Nanospace-Confined High-Temperature Solid-State Reactions: Versatile Synthetic Route for High-Diversity Pool of Catalytic Nanocrystals

Abstract

The present study proposes a methodology to extend the utility of solid-state reactions to a synthetic route for producing a high-diversity pool of nanocrystals (NCs) by circumventing the problematic sintering of nanoparticles at high temperatures. For this purpose, nanometer-scale-confined NC formations/transformations were investigated using specifically designed SiO2 nanospheres with a radially differentiated core@shell structure as a reaction medium. The core of the SiO2 medium was modified by aminosilanes, thus providing binding sites for the metal ions and enabling, pore creation through thermochemical treatment. This hindered the outward diffusion of fast-moving tiny species initially generated within the tens of nanometers-sized medium. The entire evolution process of Pd NCs during the high temperature reaction was confined within the SiO2 nanosphere, which transforms from the amine containing nanosphere, Pd2+/SiO2(NH2), to a hollow nanosphere, Pd@h-SiO2. This nanoscale confinement strategy was applicable to the first -row transition metals with high diffusivity in SiO2 medium. Accordingly, M2+/SiO2(NH2)(2) (M = Co, Ni, or Cu) and (Pd2+/M2+)/SiO2(NH2)(2) were thermally developed into M@h-SiO2 and MPd@h-SiO2, producing single crystalline NCs of metals and their Pd alloys, respectively.

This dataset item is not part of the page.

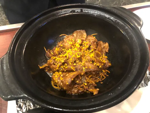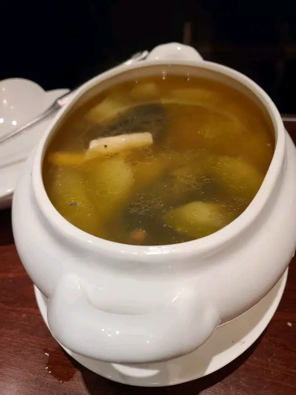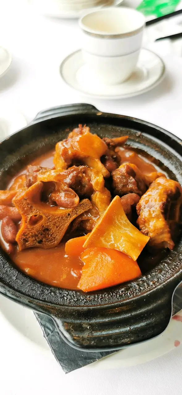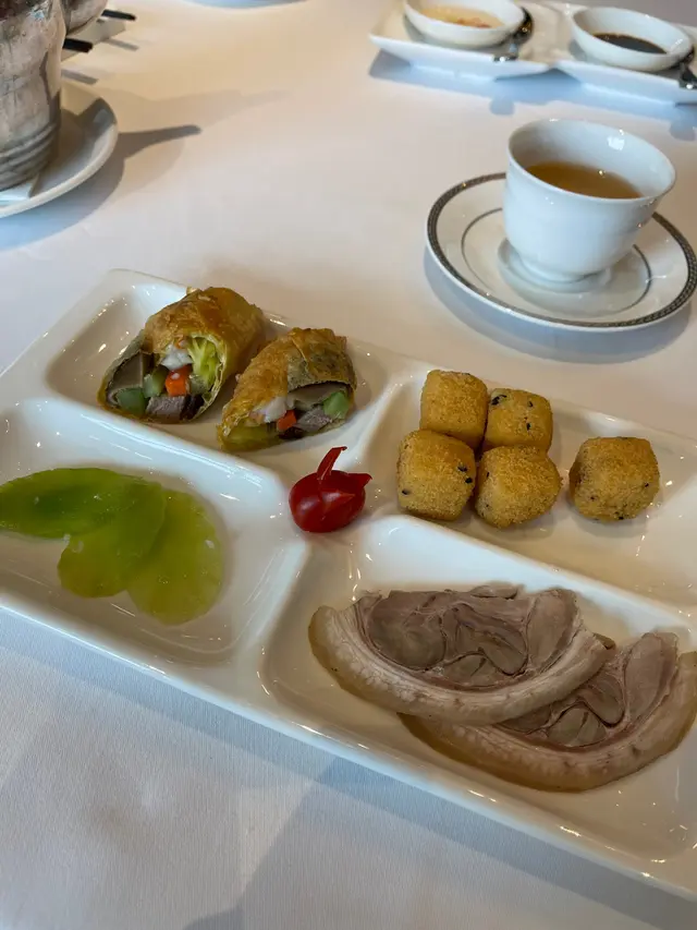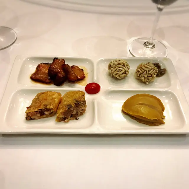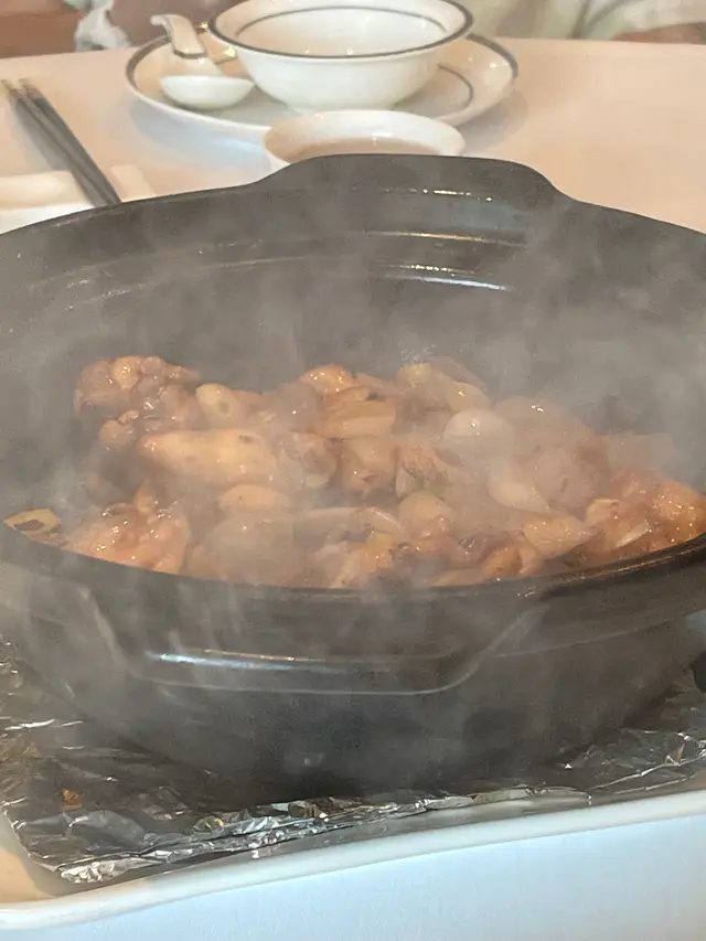 Dinner. I was a bit apprehensive, having heard mixed reviews about the restaurant. We had 4 appetizers, individually served: char siu, 米通鯪魚球, abalone, 鮮蝦火鴨腐皮卷. Manager explained that 豬肋肉 was used in making the char siu to give it more texture.避風塘炒蟹 was next. Can’t comment since I don’t eat crab. The others thought it was good. 杏汁豬肺湯- good.紫晶生炒骨- a fruity version: using plums, lime, dragon fruit to make the sauce; perfect sweet/sour balance. Breath of fresh air. 👍🏼魚香茄子燴杉斑- fish was very meaty, tasted fresh even after deep frying. Chef used 鮫魚 to make the salty fish, apparently went best with the aubergines.花甲浸時菜乞兒雞- my favorite dish of the night. Apparently the lotus leaf used to wrap the chicken with was specifically sourced. The chicken was then wrapped in thick layers of clay that’s been soaked in alcohol then put in the oven for a few hours. We were invited to bash open the layers of clay with a hammer. The lotus leaf trapped the meat jus perfectly, adding its own special fragrance. Aroma of the alcohol added even more texture. Meat was every tender.黃鱔焗飯- my brother’s favorite dish. I’m normally not a fan of eel, but it tasted fresh and sweet, not oily. Texture of the rice was very good. In summary: skilled chef. Would def return to try other dishes.…查看更多

The variability of the product was further enhanced by subsequent thermal treatment of MPd@h-SiO(2)s in the presence of air, which led to the conversion of MPd alloy NCs into Pd/MxOy (MxPy = NiO or Co3O4) and Pd-0.64.Cu-0.36/CuOx hybrid NCs with metal/metal-oxide heterojunction interfaces while being confined into the SiO2 nanosphere. Moreover, the evolution process of the PdCo NCs was examined under nanoscale confinement in the rarely explored high-temperature and solid-state environments. The findings revealed that the belatedly reduced Co atoms were incorporated gradually into the lattice of the preformed Pd NC with increasing annealing temperature, developing into a random alloyed PdCo phase. The comparative investigation of catalytic activities of the pool of Pd-based NCs produced by the nanospace-confined solid-state reactions revealed that the Pd/Co3O4 NC, with a strong metal support-interaction effect at the heterojunction interface, exhibits the highest performance in catalyzing the CO oxidation reaction.